Giving Compass' Take:

• The ACLU is building a product development technology team from United States Digital Service, the New York Times, and Kickstarter that is utilizing data visualization to help educate voters about ACLU legal fights and provide information about upcoming elections. 

• How can philanthropists become involved in helping more nonprofits utilize technology to advance their missions? 

• Read about the new wave of tech-for-good companies being built by women and minority groups. 


Even as the country was turning to the 99-year-old, New York-based nonprofit, it became increasingly clear that the organization’s digital infrastructure wasn’t quite up to the task.

According to Marco Carbone, the ACLU’s then-associate director of IT, he and his team at the time had never imagined that roughly 5 million people would hit their website at once–until it happened during CEO Anthony Romero’s interview with Rachel Maddow on MSNBC in 2016. “We had to turn all our attention to the infrastructure that was supporting this huge surge,” he says. They were able to bring the site back online in about 10 minutes.

Today Carbone is CTO of the ACLU, overseeing a team that has grown beyond just IT to include a new product development group–a sort of internal startup composed of designers and developers who came from the United States Digital Service, the New York Times, and Kickstarter. The six-person team aims to make the ACLU’s often wonky legal fights easily accessible and support the ACLU’s advocacy arm by helping people find information about elections.
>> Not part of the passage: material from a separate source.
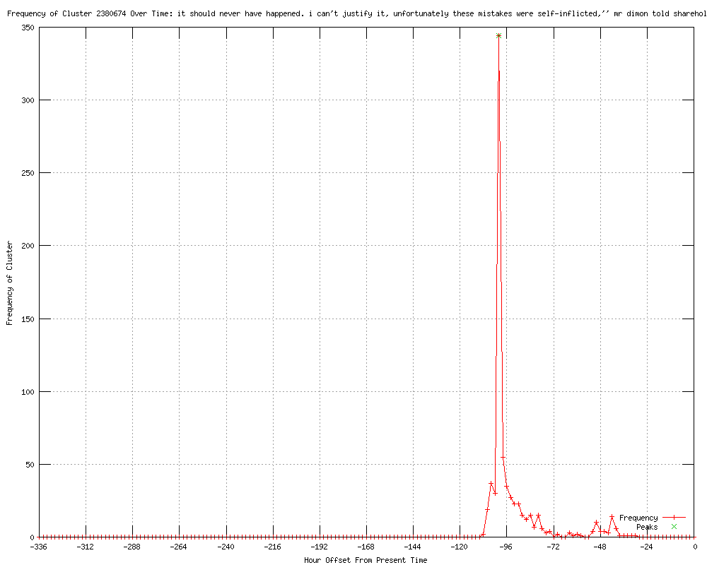 | 29 | this should never have happened. i can't justify it. unfortunately these mistakes were self inflicted Urls http://abclocal.go.com/wls/story?section=news/iteam&id=8663044&rss=rss-wls-article-8663044 http://us.rd.yahoo.com/finance/external/cnnm/rss/SIG=12gili7pe/*http://money.cnn.com/2012/05/15/markets/jpmorgan-shareholder-meeting/index.htm?source=yahoo_quote http://money.cnn.com/2012/05/15/markets/jpmorgan-shareholder-meeting/index.htm http://kjct8.com/money/31066190/detail.html http://money.cnn.com/rssclick/2012/05/15/markets/jpmorgan-shareholder-meeting/index.htm?section=money_topstories http://kvia.com/money/31066190/detail.html http://localnews8.com/money/31066190/detail.html http://ktxs.com/money/31066190/detail.html http://money.cnn.com/rssclick/2012/05/15/markets/jpmorgan-shareholder-meeting/index.htm?section=money_markets http://money.cnn.com/2012/05/15/markets/jpmorgan-shareholder-meeting/index.htm?hpt=hp_t1 http://kesq.com/news/money/JPMorgan-s-Dimon-gets-his-23-million-pay-package/-/232922/13403096/-/5s1xjg/-/index.html http://money.cnn.com/rssclick/2012/05/15/markets/jpmorgan-shareholder-meeting/index.htm?section=money_mostpopular http://clickorlando.com/news/money/JPMorgan-s-Dimon-gets-his-23-million-pay-package/-/1637116/13403096/-/smr88pz/-/index.html http://rss.cnn.com/%7Er/rss/money_topstories/%7E3/kDAS4MididE/index.htm http://stylemagazine.com/jpmorgans-dimon-gets-his-23-million-pay-package/ http://money.cnn.com/rssclick/2012/05/15/markets/jpmorgan-shareholder-meeting/index.htm?section=money_news_international http://indexonline.org/shareholders-approve-dimons-23-million-2/154322?utm_source=rss&utm_medium=rss&utm_campaign=shareholders-approve-dimons-23-million-2 http://upi.com/Business_News/2012/05/15/Shareholders-approve-Dimons-23-million/UPI-56141337067000/ http://hispanicbusiness.com/2012/5/15/shareholders_approve_dimons_23_million.htm http://wibw.com/home/nationalnews/headlines/JPMorgans_Dimon_Gets_His_23_Million_Pay_Package_151586015.html http://wibw.com/home/headlines/JPMorgans_Dimon_Gets_His_23_Million_Pay_Package_151586015.html http://politicalnewsnow.com/2012/05/15/jpmorgans-dimon-gets-his-23-million-pay-package-cnn-money/ http://godlikeproductions.com/forum1/message1869384/pg1 http://stylemagazine.com/fbi-opens-jpmorgan-investigation/ http://theskanner.com/article/JPMorgans-Dimon-Gets-His-23-Million-Pay-Package-2012-05-15 http://money.cnn.com/rssclick/2012/05/16/markets/jpmorgan-fbi-investigation/index.htm?section=money_topstories http://money.cnn.com/2012/05/16/markets/jpmorgan-fbi-investigation/index.htm?hpt=hp_t1 http://money.cnn.com/rssclick/2012/05/16/markets/jpmorgan-fbi-investigation/index.htm?section=money_mostpopular http://rss.cnn.com/%7Er/rss/money_topstories/%7E3/5MnnVoYoPOQ/index.htm |

For now, the ACLU’s goal is to resist Trump and his administration’s steady walk back of civil liberties, including immigrant rights, criminal justice, reproductive rights, and voting rights. After all, the ACLU’s new tech prowess is thanks almost entirely to what the organization calls the “Trump bump,” or the approximately $120 million in online donations that have poured in since the election.

While the ACLU’s lawyers fight Trump in the courts, the product development team fights him online by mobilizing the resistance using data visualization, sticky design, and an open-source data infrastructure that puts privacy first.

For the next three months, they will be laser-focused on one thing: A forceful repudiation of Trump in the midterm elections.